◆ **TASK INPUTS**:
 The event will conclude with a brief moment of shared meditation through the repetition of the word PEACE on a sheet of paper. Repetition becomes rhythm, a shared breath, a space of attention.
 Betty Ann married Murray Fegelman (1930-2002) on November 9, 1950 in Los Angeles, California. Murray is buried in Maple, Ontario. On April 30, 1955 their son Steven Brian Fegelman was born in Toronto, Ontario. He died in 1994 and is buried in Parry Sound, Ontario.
==
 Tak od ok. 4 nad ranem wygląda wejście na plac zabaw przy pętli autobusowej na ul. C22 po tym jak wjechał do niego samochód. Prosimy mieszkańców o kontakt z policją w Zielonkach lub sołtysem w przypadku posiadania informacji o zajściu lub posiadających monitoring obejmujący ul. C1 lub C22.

◆ **WHAT YOU ARE ASKED TO DO**: Take the lines above from the one containing "The event will" down to the one containing "Betty Ann married", and transcribe them exactly, both ends included.

◆ **RESULT OF THE TASK**:
 The event will conclude with a brief moment of shared meditation through the repetition of the word PEACE on a sheet of paper. Repetition becomes rhythm, a shared breath, a space of attention.
 Betty Ann married Murray Fegelman (1930-2002) on November 9, 1950 in Los Angeles, California. Murray is buried in Maple, Ontario. On April 30, 1955 their son Steven Brian Fegelman was born in Toronto, Ontario. He died in 1994 and is buried in Parry Sound, Ontario.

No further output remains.